Personal information
- Born: 3 July 1988 (age 38) Seoul, South Korea
- Height: 5 ft 7 in (1.70 m)
- Sporting nationality: South Korea

Career
- Turned professional: 2006
- Former tour: LPGA Tour (2007–2017)
- Professional wins: 2

Number of wins by tour
- LPGA Tour: 2

Best results in LPGA major championships
- Chevron Championship: T31: 2008
- Women's PGA C'ship: T29: 2008
- U.S. Women's Open: T31: 2008
- Women's British Open: T17: 2008
- Evian Championship: T16: 2014

= Oh Ji-young (golfer) =

South Korean professional golfer (born 1988)

Oh Ji-young (오지영, born 3 July 1988) is a South Korean professional golfer. She played on the LPGA Tour.

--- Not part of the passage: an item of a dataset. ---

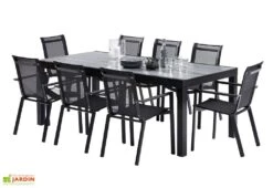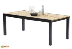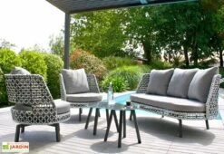 Le salon de jardin d’angle de la gamme Menfis comprend un canapé 2 places avec une tablette à droite, un canapé 2 places avec une tablette à gauche, un coin central et une table basse. Doté d’une structure en aluminium, il est très résistant aux intempéries ainsi qu’à la corrosion. Ce mobilier de jardin inclut des coussins sur les assises et les dossiers pour un maximum de confort. Les coussins disposent d’une densité de 190 g/m².

==Early life and amateur career==
In 1988, Oh was born. She started playing golf at the age of 12 and was named to the Korean National Team in 2005 at the age of 16.

In 2006, she came to the United States and enrolled at the Leadbetter Academy. She played on the Future Collegians World Tour, a second tier amateur golf league, and won all six events she entered.

In the fall of 2006, she entered the LPGA Qualifying Tournament as an amateur and finished 9th, earning exempt status on the LPGA Tour for 2007.

==Professional career==
Immediately after her success at 2007 LPGA Qualifying School she turned professional.

In 2007, her best finish was sixth at the Safeway Classic, where she carded a career-low 66 in the opening round.

In 2008, she earned her first win at the State Farm Classic beating top rookie Yani Tseng in a playoff.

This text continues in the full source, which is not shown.